### Records for this exercise
====

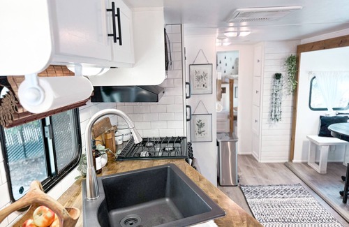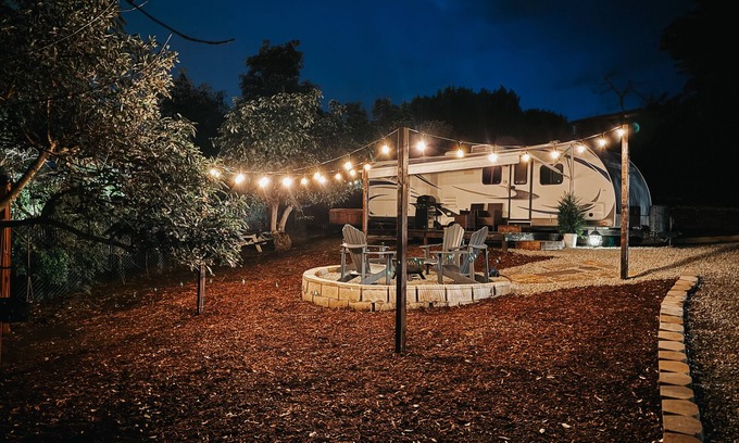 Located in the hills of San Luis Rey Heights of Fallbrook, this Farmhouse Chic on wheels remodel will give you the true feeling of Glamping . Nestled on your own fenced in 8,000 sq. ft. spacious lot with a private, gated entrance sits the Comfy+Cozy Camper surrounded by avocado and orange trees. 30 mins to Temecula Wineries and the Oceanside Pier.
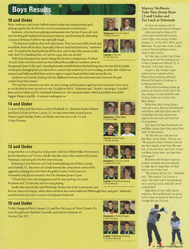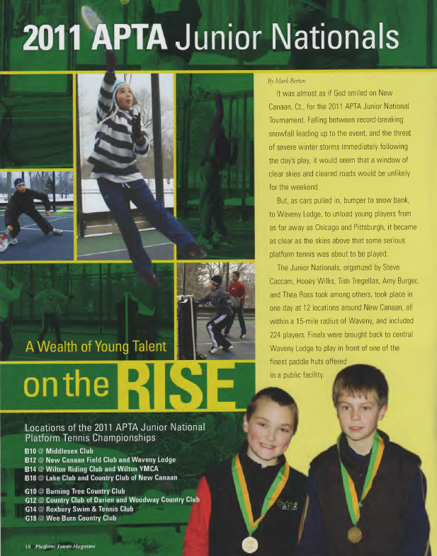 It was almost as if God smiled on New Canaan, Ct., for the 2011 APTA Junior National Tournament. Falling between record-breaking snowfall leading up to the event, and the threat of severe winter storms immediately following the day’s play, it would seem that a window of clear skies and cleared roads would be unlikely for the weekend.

====

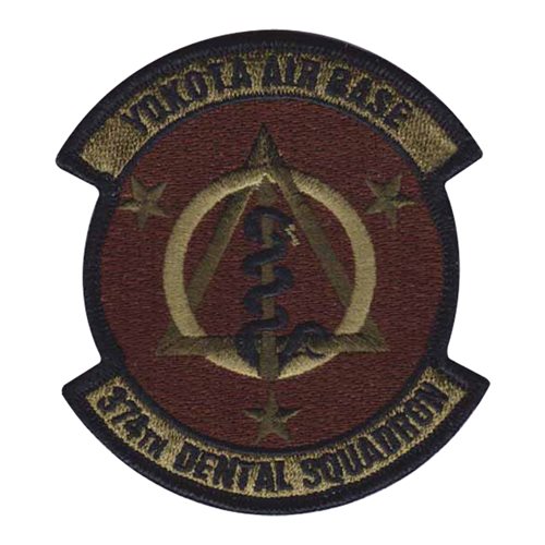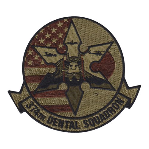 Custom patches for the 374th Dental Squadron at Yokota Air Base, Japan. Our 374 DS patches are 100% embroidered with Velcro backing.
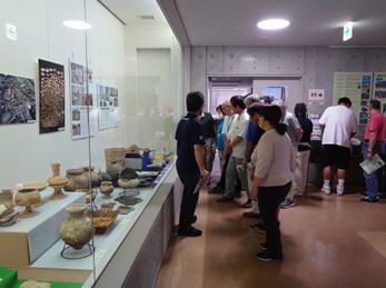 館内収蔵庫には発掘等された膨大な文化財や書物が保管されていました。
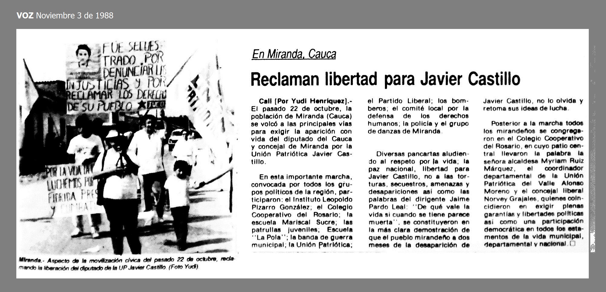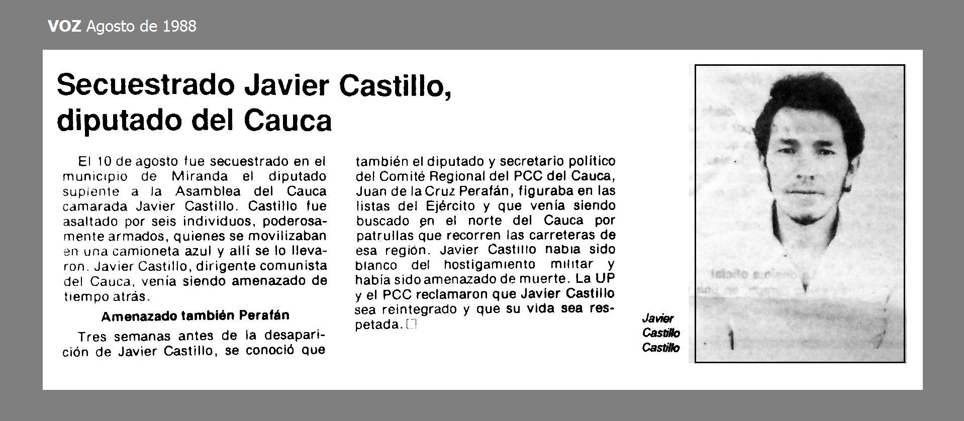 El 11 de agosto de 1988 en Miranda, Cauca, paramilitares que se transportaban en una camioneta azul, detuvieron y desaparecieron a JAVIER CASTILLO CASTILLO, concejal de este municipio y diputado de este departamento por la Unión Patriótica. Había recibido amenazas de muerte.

====

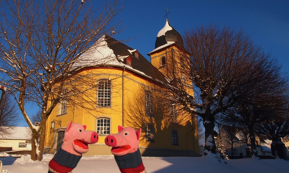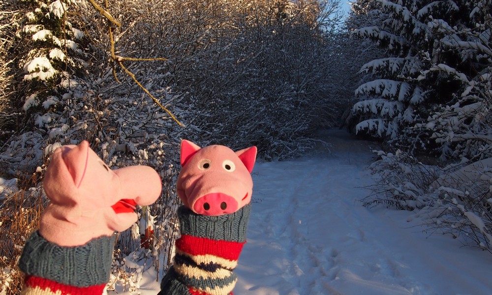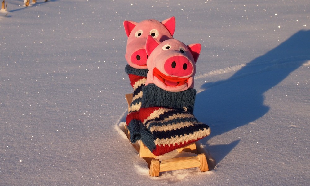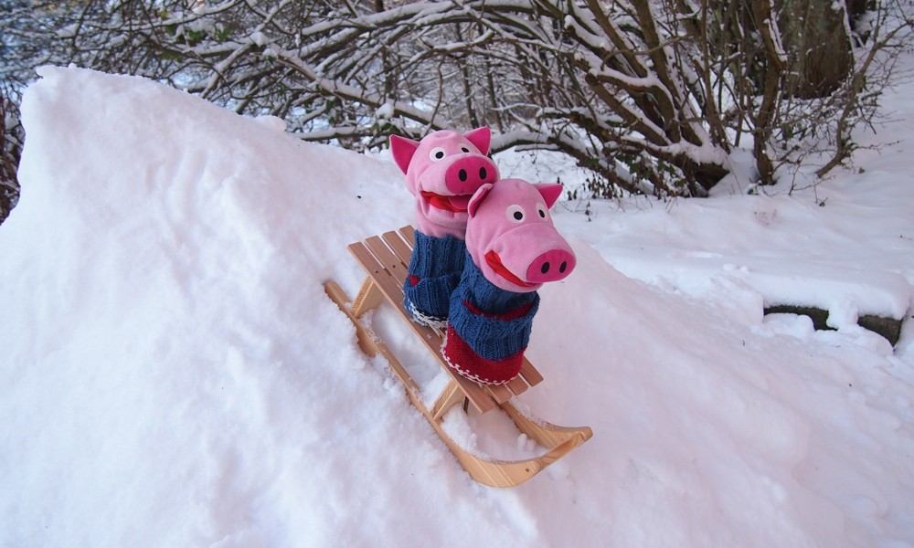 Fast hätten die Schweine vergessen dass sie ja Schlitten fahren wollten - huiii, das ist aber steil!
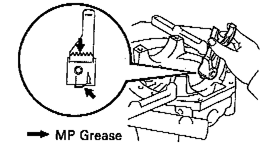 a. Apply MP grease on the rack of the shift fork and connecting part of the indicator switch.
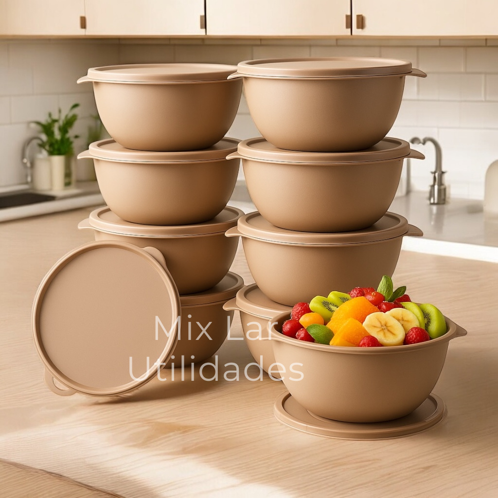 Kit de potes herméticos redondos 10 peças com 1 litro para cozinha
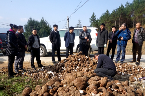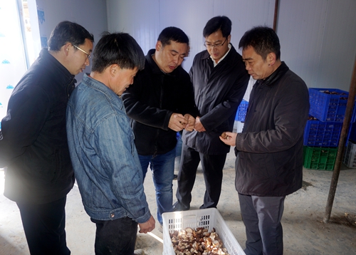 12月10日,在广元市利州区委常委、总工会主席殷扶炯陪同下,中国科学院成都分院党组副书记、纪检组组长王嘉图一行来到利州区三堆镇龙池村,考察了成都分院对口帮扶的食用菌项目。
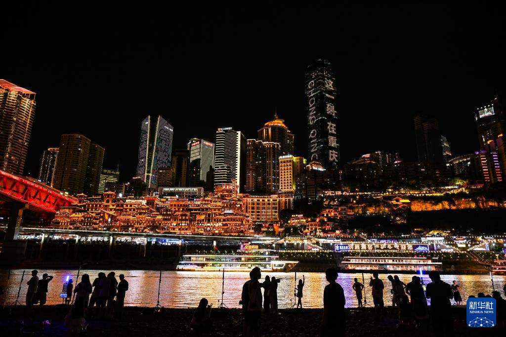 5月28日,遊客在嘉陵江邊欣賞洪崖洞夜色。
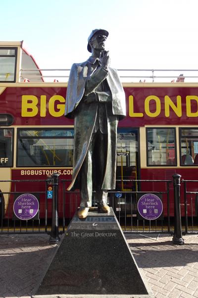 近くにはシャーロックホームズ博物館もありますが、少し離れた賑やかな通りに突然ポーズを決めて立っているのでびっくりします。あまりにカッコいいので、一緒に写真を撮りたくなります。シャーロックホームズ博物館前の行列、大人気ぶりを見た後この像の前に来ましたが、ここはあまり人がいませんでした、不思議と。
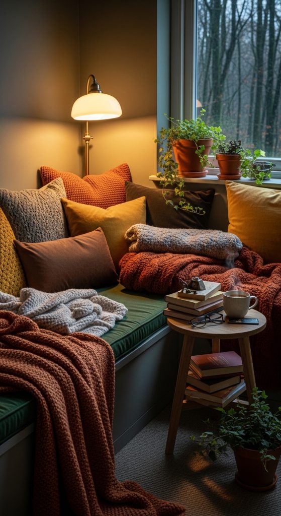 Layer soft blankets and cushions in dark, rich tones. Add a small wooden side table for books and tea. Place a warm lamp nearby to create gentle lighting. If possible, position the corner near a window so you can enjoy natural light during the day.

====

### Task statement
The response must repeat exactly the lines above from the one with "Custom patches for" through the one with "El 11 de agosto", including both, and must contain no pictures and no other text.

### Solution for this task
 Custom patches for the 374th Dental Squadron at Yokota Air Base, Japan. Our 374 DS patches are 100% embroidered with Velcro backing.
 館内収蔵庫には発掘等された膨大な文化財や書物が保管されていました。
 El 11 de agosto de 1988 en Miranda, Cauca, paramilitares que se transportaban en una camioneta azul, detuvieron y desaparecieron a JAVIER CASTILLO CASTILLO, concejal de este municipio y diputado de este departamento por la Unión Patriótica. Había recibido amenazas de muerte.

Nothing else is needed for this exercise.